__SUPPLIED DATA__.
★ ★ ★ ★ ★ ★ ★

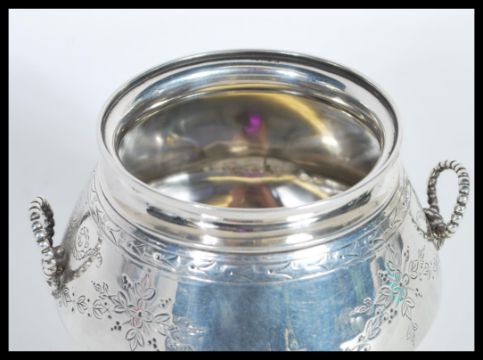 A 19th Century Victorian hallmarked silver two handled bowl by Martin and Hall raised on circular base with small waisted column. Engraved floral and scroll work with rope twist handles. Hallmarked for London 1871. H9cm x W12cm.
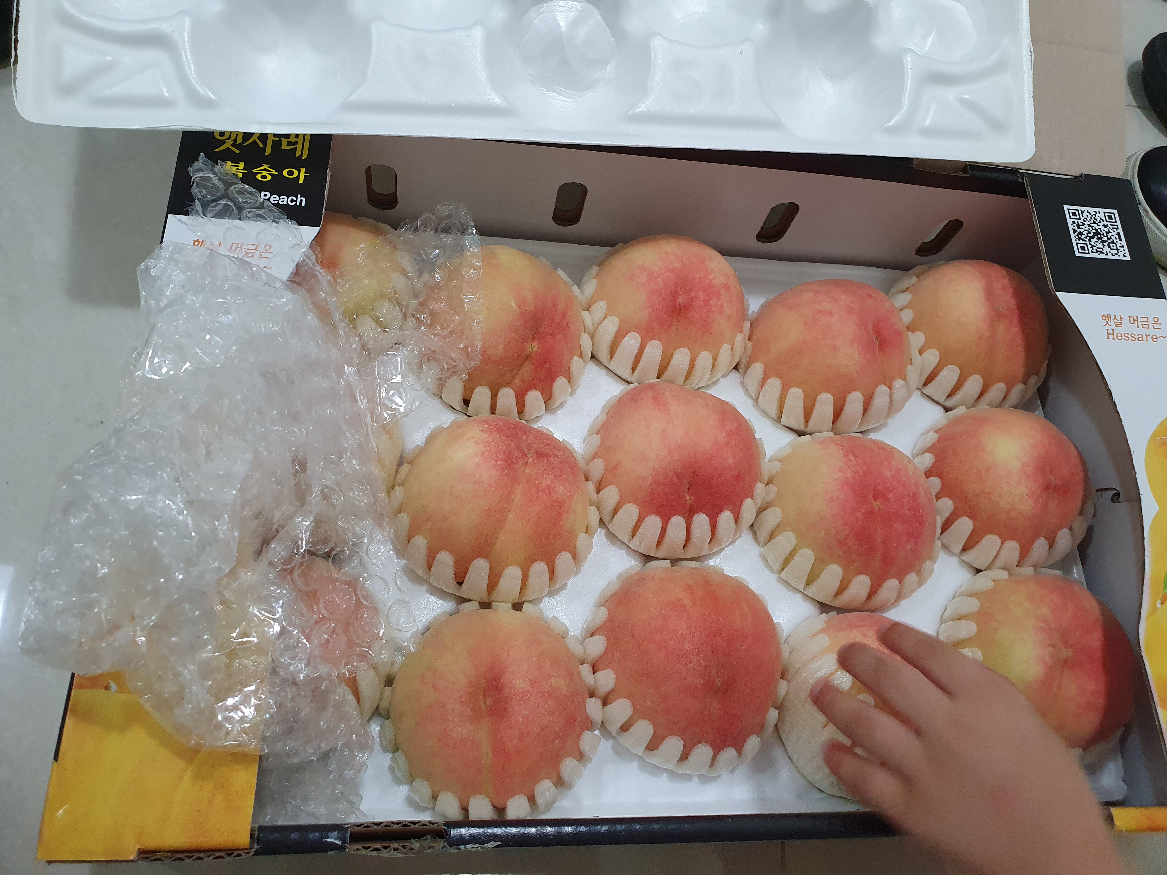 선물로 받은 복숭아! 특상품이라서 그런지 색깔로 예쁘고 향도 진하고 상태가 너무 좋았어요. 받자마자아이가 먹겠다고 손이 먼저 가네요! 그런데, 복숭아는 털이 있기 때문에 아이가 만지는 거 조심해야 해요.맛은 정말 달콤 그 차체! 일단, 어떻게 하면 오래 보관해서 맛있게 먹을 수 있는지 보관법 알려드릴게요.
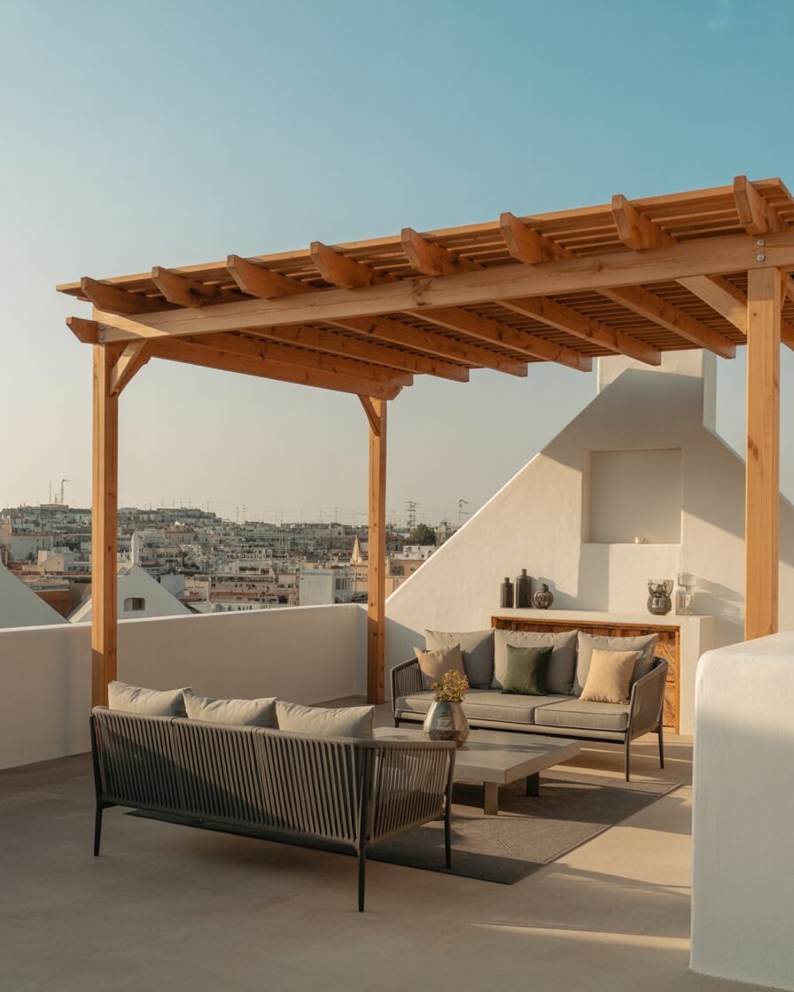 Pergolas offer structure and partial shade. These exterior terrace balcony design ideas combine function with architectural flair.

★ ★ ★ ★ ★ ★ ★

__YOUR OBJECTIVE__. Word for word, quote the full listing, omitting every picture.

__TASK RESULT__.
 A 19th Century Victorian hallmarked silver two handled bowl by Martin and Hall raised on circular base with small waisted column. Engraved floral and scroll work with rope twist handles. Hallmarked for London 1871. H9cm x W12cm.
 선물로 받은 복숭아! 특상품이라서 그런지 색깔로 예쁘고 향도 진하고 상태가 너무 좋았어요. 받자마자아이가 먹겠다고 손이 먼저 가네요! 그런데, 복숭아는 털이 있기 때문에 아이가 만지는 거 조심해야 해요.맛은 정말 달콤 그 차체! 일단, 어떻게 하면 오래 보관해서 맛있게 먹을 수 있는지 보관법 알려드릴게요.
 Pergolas offer structure and partial shade. These exterior terrace balcony design ideas combine function with architectural flair.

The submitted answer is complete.